**WHAT YOU NEED TO DO**: The data below should be transcribed in full, with no picture included.

**GIVEN MATERIAL**:
Segment Open
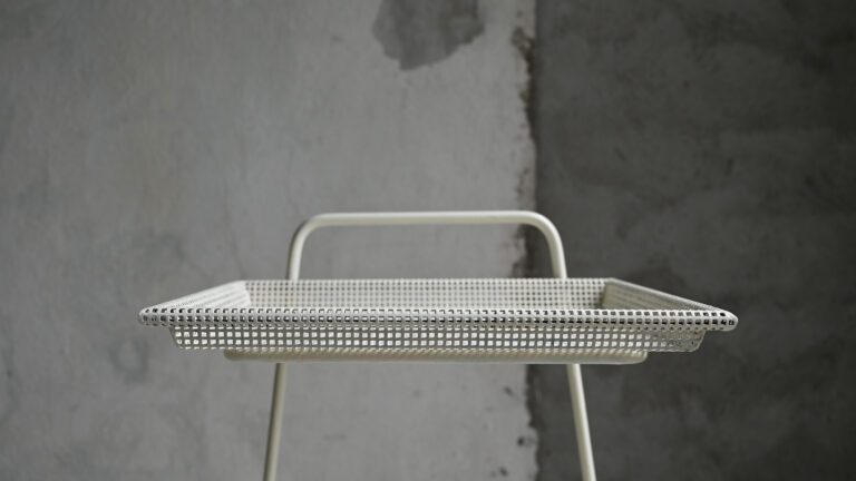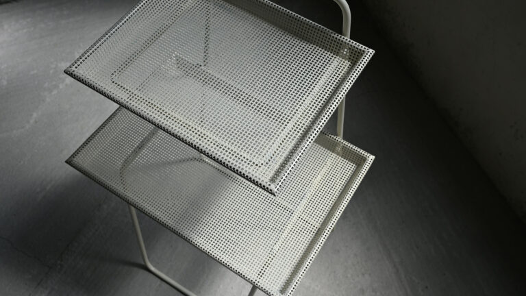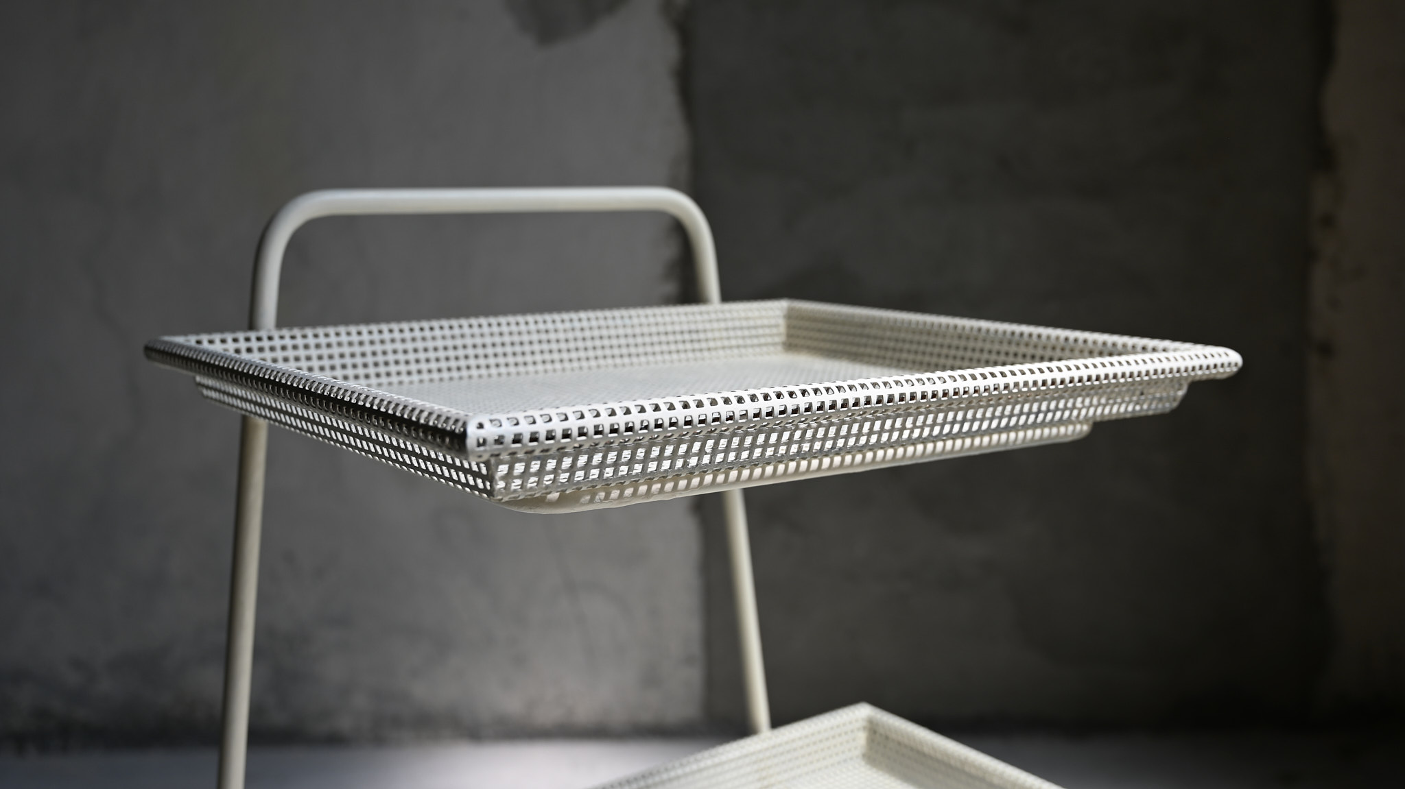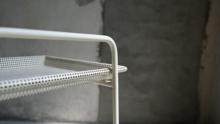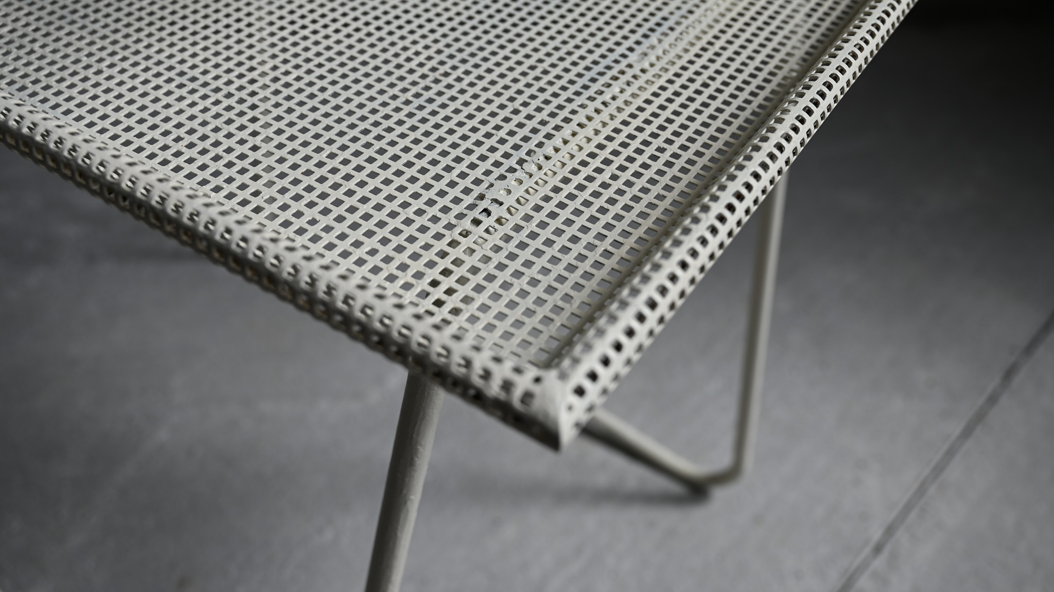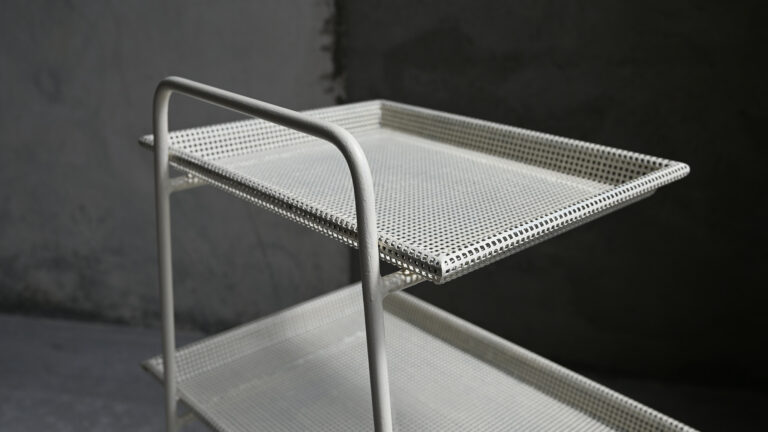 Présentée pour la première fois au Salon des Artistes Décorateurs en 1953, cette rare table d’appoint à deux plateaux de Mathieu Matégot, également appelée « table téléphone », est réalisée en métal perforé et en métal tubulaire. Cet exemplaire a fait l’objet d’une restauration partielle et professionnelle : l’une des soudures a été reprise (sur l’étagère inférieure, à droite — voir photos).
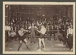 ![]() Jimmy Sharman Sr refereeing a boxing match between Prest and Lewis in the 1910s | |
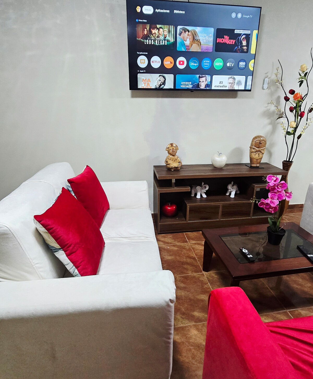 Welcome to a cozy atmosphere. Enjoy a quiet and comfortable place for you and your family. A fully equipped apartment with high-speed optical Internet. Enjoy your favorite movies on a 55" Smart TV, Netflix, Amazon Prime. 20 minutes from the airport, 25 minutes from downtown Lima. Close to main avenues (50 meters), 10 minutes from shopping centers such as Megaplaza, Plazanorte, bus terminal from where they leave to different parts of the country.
Segment Closed
**RESULT OF THIS EXERCISE**:
 Présentée pour la première fois au Salon des Artistes Décorateurs en 1953, cette rare table d’appoint à deux plateaux de Mathieu Matégot, également appelée « table téléphone », est réalisée en métal perforé et en métal tubulaire. Cet exemplaire a fait l’objet d’une restauration partielle et professionnelle : l’une des soudures a été reprise (sur l’étagère inférieure, à droite — voir photos).
 ![]() Jimmy Sharman Sr refereeing a boxing match between Prest and Lewis in the 1910s | |
 Welcome to a cozy atmosphere. Enjoy a quiet and comfortable place for you and your family. A fully equipped apartment with high-speed optical Internet. Enjoy your favorite movies on a 55" Smart TV, Netflix, Amazon Prime. 20 minutes from the airport, 25 minutes from downtown Lima. Close to main avenues (50 meters), 10 minutes from shopping centers such as Megaplaza, Plazanorte, bus terminal from where they leave to different parts of the country.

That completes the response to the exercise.